ASSIGNED TASK => From the data below, repeat exactly the lines from the line with "The 2012 Hunter" to the line with "This 5-day healing", both included.

AVAILABLE DATA =>
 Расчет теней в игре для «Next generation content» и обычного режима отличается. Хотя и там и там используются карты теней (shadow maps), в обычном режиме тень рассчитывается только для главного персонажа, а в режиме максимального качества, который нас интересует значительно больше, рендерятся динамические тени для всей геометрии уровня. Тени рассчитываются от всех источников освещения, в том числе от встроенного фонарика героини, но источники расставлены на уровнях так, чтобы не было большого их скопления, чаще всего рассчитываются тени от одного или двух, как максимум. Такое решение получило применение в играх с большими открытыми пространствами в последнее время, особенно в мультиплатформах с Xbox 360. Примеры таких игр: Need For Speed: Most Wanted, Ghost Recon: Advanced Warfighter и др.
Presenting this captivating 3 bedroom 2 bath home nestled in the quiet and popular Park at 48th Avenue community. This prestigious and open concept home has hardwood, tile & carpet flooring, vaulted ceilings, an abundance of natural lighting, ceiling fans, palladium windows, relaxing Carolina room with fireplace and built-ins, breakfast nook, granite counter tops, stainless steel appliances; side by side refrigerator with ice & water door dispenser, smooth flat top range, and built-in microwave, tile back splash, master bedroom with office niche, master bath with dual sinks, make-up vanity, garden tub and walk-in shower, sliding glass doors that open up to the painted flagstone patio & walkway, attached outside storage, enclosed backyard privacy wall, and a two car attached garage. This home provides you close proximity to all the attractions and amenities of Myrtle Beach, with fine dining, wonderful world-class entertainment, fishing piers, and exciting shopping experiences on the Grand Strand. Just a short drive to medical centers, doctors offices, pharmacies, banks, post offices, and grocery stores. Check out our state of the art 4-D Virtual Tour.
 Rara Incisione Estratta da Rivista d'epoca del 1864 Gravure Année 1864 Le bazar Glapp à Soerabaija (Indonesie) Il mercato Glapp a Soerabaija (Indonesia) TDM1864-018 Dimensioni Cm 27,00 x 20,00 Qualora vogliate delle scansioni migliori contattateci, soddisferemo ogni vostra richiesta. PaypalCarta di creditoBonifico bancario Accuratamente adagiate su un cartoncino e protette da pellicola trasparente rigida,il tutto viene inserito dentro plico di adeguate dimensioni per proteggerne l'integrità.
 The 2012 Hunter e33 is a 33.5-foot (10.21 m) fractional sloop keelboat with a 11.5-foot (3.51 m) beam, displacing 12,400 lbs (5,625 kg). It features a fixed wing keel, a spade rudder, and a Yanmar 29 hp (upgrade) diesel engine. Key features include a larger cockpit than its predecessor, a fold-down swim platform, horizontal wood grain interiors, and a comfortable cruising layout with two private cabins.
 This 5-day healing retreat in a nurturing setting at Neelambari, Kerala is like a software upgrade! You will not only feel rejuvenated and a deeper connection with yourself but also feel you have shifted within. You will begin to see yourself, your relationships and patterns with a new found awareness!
--
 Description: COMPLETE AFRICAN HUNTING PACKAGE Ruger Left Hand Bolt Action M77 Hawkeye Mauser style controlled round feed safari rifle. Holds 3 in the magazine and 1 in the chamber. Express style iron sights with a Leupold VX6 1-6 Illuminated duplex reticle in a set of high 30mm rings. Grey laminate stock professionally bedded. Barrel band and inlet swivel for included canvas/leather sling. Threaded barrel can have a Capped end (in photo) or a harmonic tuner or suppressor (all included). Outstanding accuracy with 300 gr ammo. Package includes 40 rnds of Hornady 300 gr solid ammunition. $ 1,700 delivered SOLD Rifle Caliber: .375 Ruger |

TASK RESULT =>
 The 2012 Hunter e33 is a 33.5-foot (10.21 m) fractional sloop keelboat with a 11.5-foot (3.51 m) beam, displacing 12,400 lbs (5,625 kg). It features a fixed wing keel, a spade rudder, and a Yanmar 29 hp (upgrade) diesel engine. Key features include a larger cockpit than its predecessor, a fold-down swim platform, horizontal wood grain interiors, and a comfortable cruising layout with two private cabins.
 This 5-day healing retreat in a nurturing setting at Neelambari, Kerala is like a software upgrade! You will not only feel rejuvenated and a deeper connection with yourself but also feel you have shifted within. You will begin to see yourself, your relationships and patterns with a new found awareness!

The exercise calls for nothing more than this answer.